CINGOLI, 26 novembre 2024 – Roberta Del Mastro è la nuova presidente dell’Avis Bike Club Cingoli. La cena sociale di sabato scorso, 23 novembre, presso il Ristorante Dei Conti, è stata l’occasione per eleggere la nuova numero uno del sodalizio cingolano attivo soprattutto nella mountain bike. Succede a Primo Ciattaglia, che è stato presidente del gruppo sportivo da ben 42 anni. Nella serata, inoltre, sono stati premiati gli atleti che si sono distinti nel corso dell’anno 2024, tenendo alto l’onore del Club in giro per l’Italia.

I riconoscimenti

In particolare la classifica sociale è stata vinta da Francesco Scortechini, che si è portato a casa il titolo di Avisbiker 2024 e di miglior agonista MTB. Ha vinto, infatti, il campionato provinciale di Cross Country. Ha preceduto Fabrizio Tobaldi, secondo, e Matteo Ciriaci, terzo, il quale ha vinto due circuiti di gare (Bike Tour e Regionale Poin to Point). Il miglior agonista su strada, poi, è stato Roberto Belardinelli.
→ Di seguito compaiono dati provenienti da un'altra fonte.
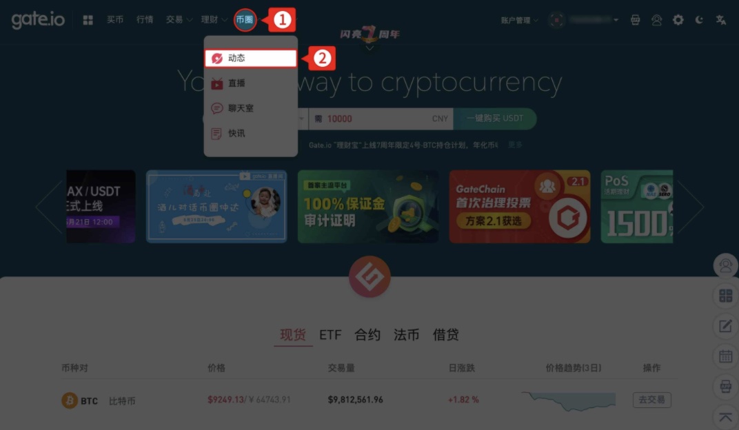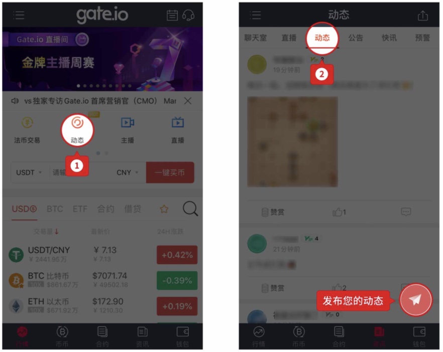 网页/客户端:登录网页端—菜单导航栏选择“币圈”页面,点击动态即可

Sono stati premiati, inoltre, anche Barbara Gabrielli, campionessa provinciale di Cross Country, e Pierluigi Micheloni. Quest’ultimo ha effettuato una pedalata estrema tra tre dei luoghi per eccellenza della tradizione cattolica nei pellegrinaggi, ovvero Loreto, Lourdes e Fatima, percorrendo 3325 km in 24 giorni per 28.000 metri di dislivello. Presente a premiare gli atleti il sindaco di Cingoli, Michele Vittori: lui stesso è un socio del club ed è attivo soprattutto nella pedalata elettrica.

Il nuovo direttivo

Come detto, nel corso della cena sociale è stato rinnovato il consiglio direttivo. Su indicazione del presidente uscente Primo Ciattaglia e del consiglio uscente, è stata individuata come nuova presidente Roberta Del Mastro, già sua vice nel precedente mandato. Sarà affiancata dai consiglieri Primo Ciattaglia, Fabrizio Tobaldi, Gianluca Pacetti, Antonio Tortora, Roberto Belardinelli, Francesco Scortechini, Matteo Ciriaci e Cristiano Violini.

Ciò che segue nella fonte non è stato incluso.